_ABOUT THIS EXERCISE_: Collect all lines containing the word "years" from the data.

_SUPPLIED MATERIAL_:

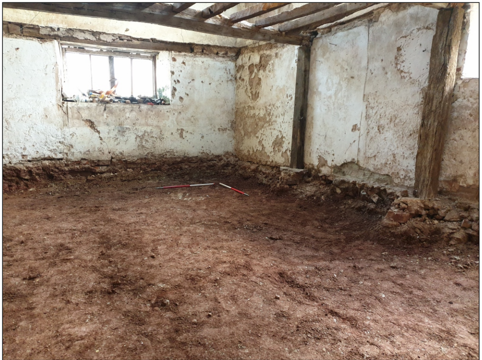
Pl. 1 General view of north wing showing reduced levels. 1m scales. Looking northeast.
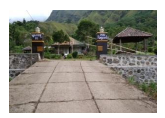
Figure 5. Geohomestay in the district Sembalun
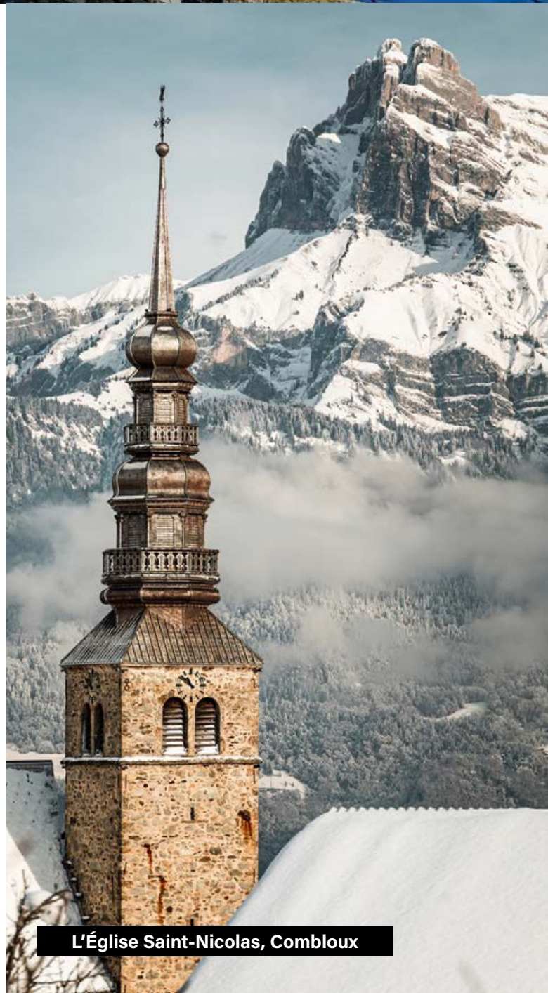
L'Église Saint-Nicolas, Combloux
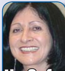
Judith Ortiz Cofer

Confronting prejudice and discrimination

...

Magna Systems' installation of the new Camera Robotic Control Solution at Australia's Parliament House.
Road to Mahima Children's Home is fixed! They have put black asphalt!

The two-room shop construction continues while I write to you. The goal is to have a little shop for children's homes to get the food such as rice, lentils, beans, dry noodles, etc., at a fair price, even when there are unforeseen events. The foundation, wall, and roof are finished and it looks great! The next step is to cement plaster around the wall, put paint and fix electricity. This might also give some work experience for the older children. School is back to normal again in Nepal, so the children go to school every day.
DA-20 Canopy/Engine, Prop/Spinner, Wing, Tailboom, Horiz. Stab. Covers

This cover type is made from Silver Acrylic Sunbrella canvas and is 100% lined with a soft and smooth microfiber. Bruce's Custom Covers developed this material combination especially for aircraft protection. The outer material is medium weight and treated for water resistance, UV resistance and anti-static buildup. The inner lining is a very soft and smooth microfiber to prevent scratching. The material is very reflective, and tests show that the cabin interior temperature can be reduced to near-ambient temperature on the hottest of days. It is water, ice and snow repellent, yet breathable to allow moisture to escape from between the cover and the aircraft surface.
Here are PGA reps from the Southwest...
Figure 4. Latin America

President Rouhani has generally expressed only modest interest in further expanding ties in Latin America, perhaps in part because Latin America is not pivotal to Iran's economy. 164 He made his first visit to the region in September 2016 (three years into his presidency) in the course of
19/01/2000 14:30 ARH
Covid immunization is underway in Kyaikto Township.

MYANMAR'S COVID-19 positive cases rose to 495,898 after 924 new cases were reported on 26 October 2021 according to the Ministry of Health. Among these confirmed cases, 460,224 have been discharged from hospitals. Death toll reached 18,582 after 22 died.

---

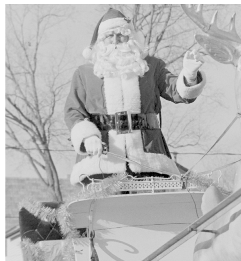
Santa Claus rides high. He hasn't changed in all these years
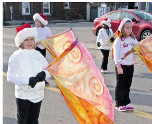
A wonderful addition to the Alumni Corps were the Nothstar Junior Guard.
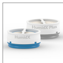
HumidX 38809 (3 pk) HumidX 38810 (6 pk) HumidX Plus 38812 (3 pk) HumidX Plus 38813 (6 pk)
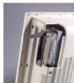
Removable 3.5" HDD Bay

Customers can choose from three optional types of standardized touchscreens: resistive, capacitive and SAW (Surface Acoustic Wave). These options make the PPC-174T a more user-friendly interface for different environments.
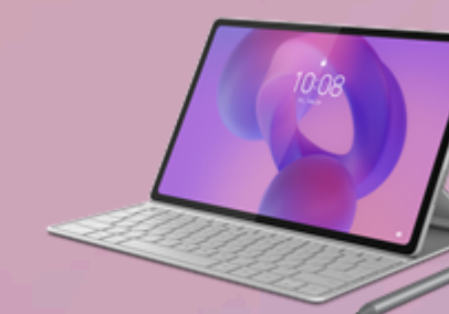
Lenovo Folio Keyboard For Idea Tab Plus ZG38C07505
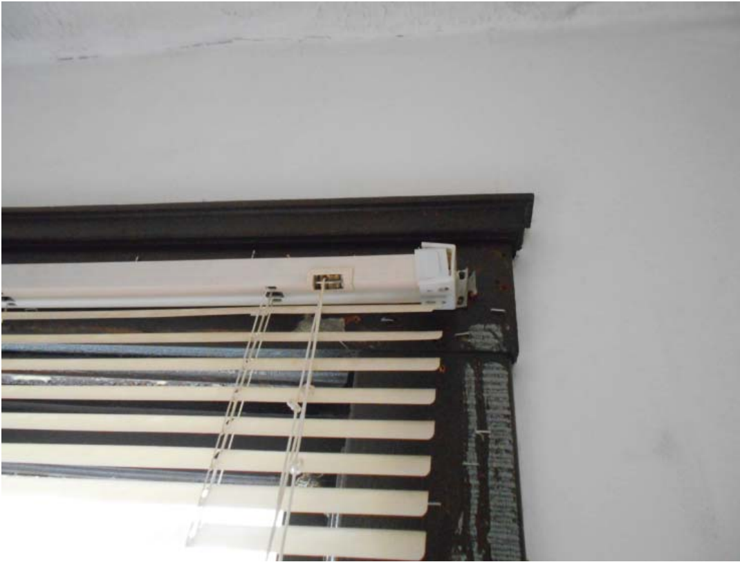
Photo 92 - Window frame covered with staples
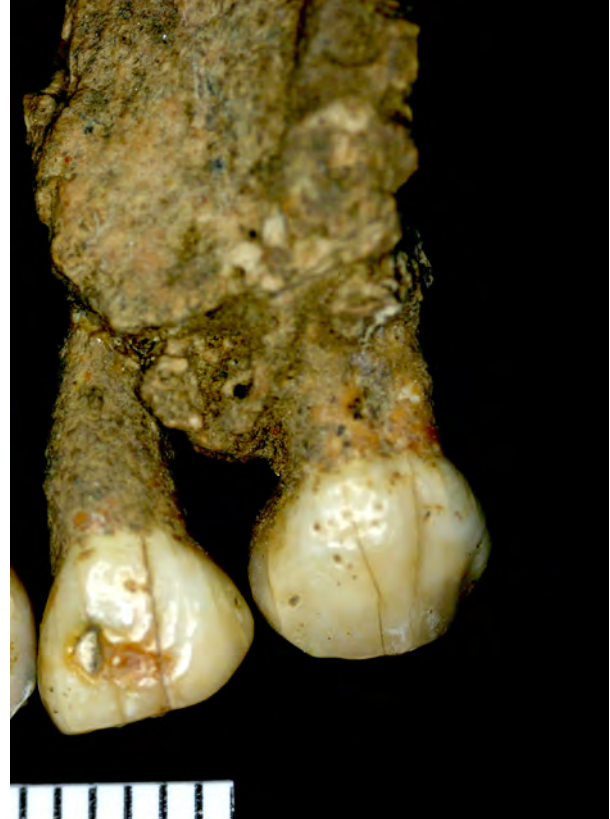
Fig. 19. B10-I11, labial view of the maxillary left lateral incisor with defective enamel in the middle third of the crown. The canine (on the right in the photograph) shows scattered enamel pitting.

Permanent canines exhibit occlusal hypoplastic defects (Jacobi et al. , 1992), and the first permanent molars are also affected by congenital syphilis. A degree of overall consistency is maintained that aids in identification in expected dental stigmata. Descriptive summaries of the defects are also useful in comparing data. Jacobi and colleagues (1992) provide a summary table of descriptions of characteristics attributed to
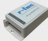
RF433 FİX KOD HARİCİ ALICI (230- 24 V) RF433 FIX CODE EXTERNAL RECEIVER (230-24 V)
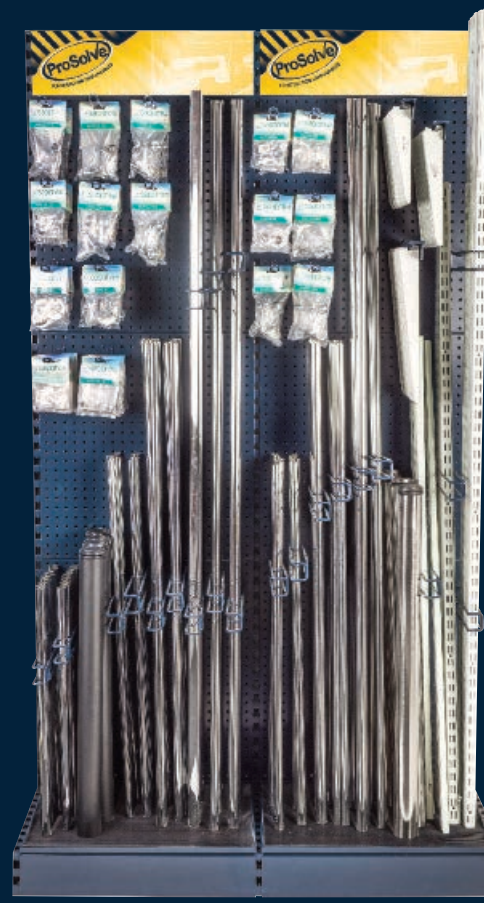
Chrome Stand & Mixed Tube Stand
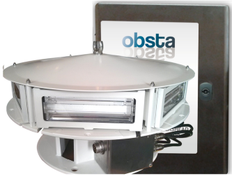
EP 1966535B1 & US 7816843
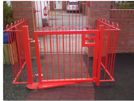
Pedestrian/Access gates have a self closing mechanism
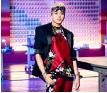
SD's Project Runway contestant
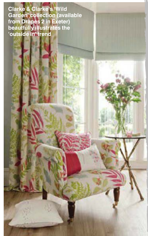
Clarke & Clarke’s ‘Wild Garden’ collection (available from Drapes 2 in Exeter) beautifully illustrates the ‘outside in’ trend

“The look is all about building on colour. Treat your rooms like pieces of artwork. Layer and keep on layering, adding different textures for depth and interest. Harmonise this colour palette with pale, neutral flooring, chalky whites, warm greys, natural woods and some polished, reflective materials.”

_RESPONSE TO THIS EXERCISE_:
President Rouhani has generally expressed only modest interest in further expanding ties in Latin America, perhaps in part because Latin America is not pivotal to Iran's economy. 164 He made his first visit to the region in September 2016 (three years into his presidency) in the course of
Santa Claus rides high. He hasn't changed in all these years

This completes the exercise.